Similarly, when the first sensor area R1, the second sensor area
R2, the third sensor area R3, and the fourth sensor area R4 are not
distinguished from one another, each of these sensor areas will
generically be referred to as a sensor area R. When the first
controller 21, the second controller 22, the third controller 23,
and the fourth controller 24 are not distinguished from one
another, each of these controllers will generically be referred to
as a controller 2.
[0033] In a case where the touch panel 100 is an electrostatic
capacitance touch panel according to a mutual capacitance system, a
drive signal outputted from the controller 2 to a drive electrode
is received by a sensing circuit of the controller 2 for monitoring
of capacitance between the drive electrode and a sense electrode.
When a target object touches or approaches the sensor area R,
capacitance changes at a node between the drive electrode and the
sense electrode corresponding to a position of the touch or
approach. This enables recognition of the touch or approach.
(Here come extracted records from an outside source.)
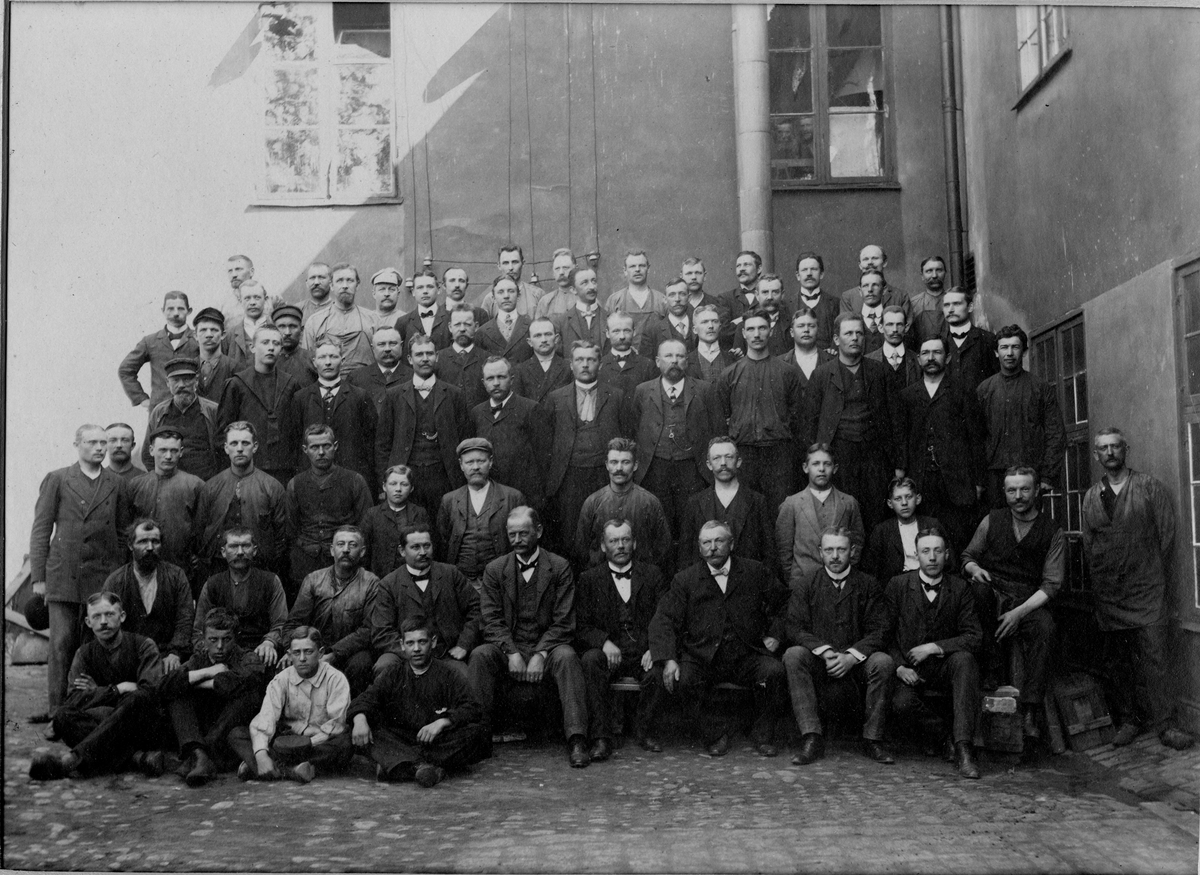 Titel: Grupporträtt av män utanför ena flygeln byggnaden på Artillerigården.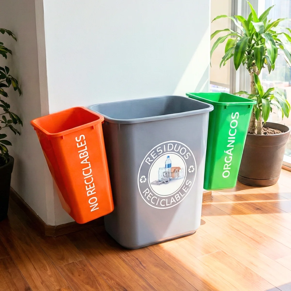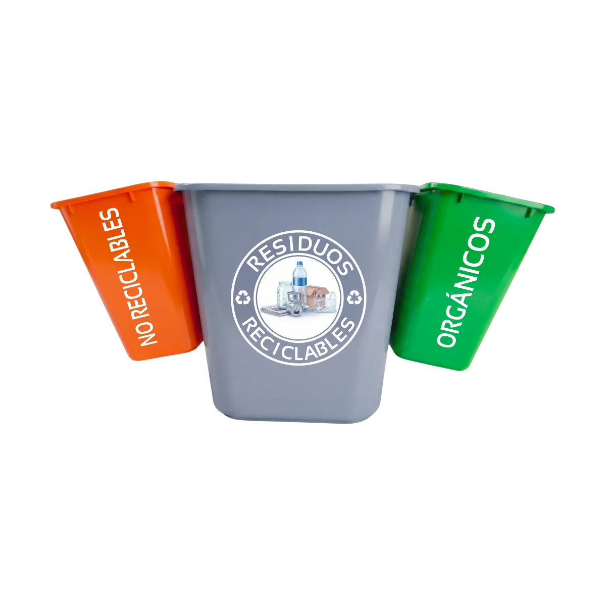 Los ganchos de plástico permiten unir los botes de forma segura, manteniendo el conjunto estable y ordenado. Gracias a este sistema, cada recipiente conserva su posición y función, lo que ayuda a evitar confusiones al momento de depositar los residuos. Además, existe la opción de agregar más botes, lo que permite ampliar la separación según las necesidades del lugar.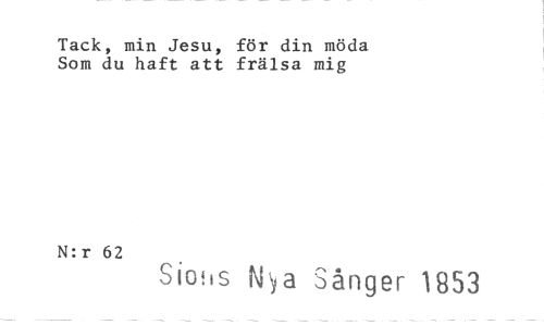 //// Tack, min Jesu, för din möda Som du haft att frälsa mig //// N:r 62 //// Siohs f^a Sånger 1853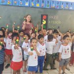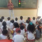 Para casa: Os alunos levaram o semáforo no palito e o panfleto. Uma mãe relatou que sua filha está adorando aprender as músicas do trânsito.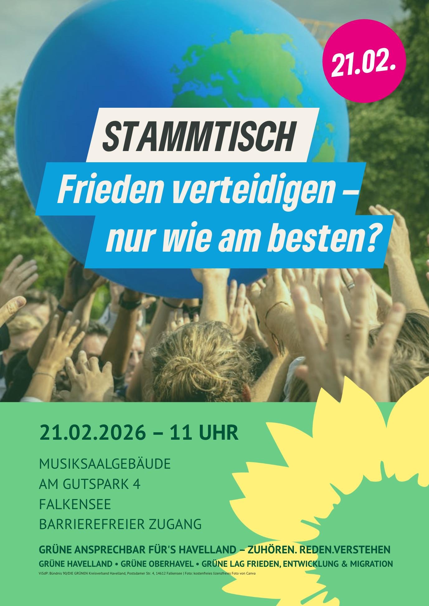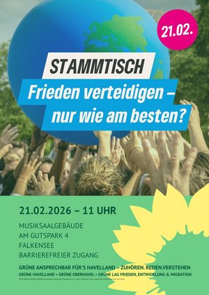 zusammen mit dem Kreisverband Oberhavel und der Bündnisgrünen Landesarbeitsgemeinschaft Frieden, Entwicklung & Migration laden wir euch herzlich zu unserer Diskussionsveranstaltung am 21. Februar ab 11 Uhr im Falkenseer Musiksaal ein!
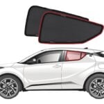 Note: Our custom sun shades block out a significant amount of light and UV rays that enter from the front windscreen, however due to the angle of the front windscreen and additional sensors or different mirror shapes/sizes available for different models, there may be slight gaps around your rear-view mirror or sides to allow the sun shade to fit.

Coordinates of the touch or approach is calculated from the
position of the node.
[0034] In this manner, the first to fourth controllers 21 to 24
each input a drive signal to a drive electrode in a corresponding
one of the sensor areas and detect touch or approach of a target
object to the corresponding sensor area in accordance with a
response signal outputted from a sense electrode. The target object
is thus detected independently in each of the sensor areas R1 to
R4. The first to fourth controllers 21 to 24 are configured to
drive the first to fourth sensor areas R1 to R4 at timings
independent from one another.
[0035] For example, at least two of the first to fourth sensor
areas R1 to R4 are driven simultaneously and parallelly. This
configuration reduces a sensing period for scan of all of the first
to fourth sensor areas R1 to R4. All of the first to fourth sensor
areas R1 to R4 is thus improved in scanning rate. The first to
fourth sensor areas R1 to R4 are each configured to have the
driving period from input of a drive signal to a drive electrode to
output of a response signal from a sense electrode. According to an
aspect, at least two of the first to fourth sensor areas R1 to R4
have the driving periods at least partially overlapped with each
other. For example, all of the driving periods of the first to
fourth sensor areas can be provided simultaneously, or the driving
periods of two of the first to fourth sensor areas can be
overlapped with each other.
[0036] The synthesis processor 25 synthesizes detection results of
the first to fourth controllers 21 to 24, and generates a result of
detection of a target object in the plurality of sensor areas, i.e.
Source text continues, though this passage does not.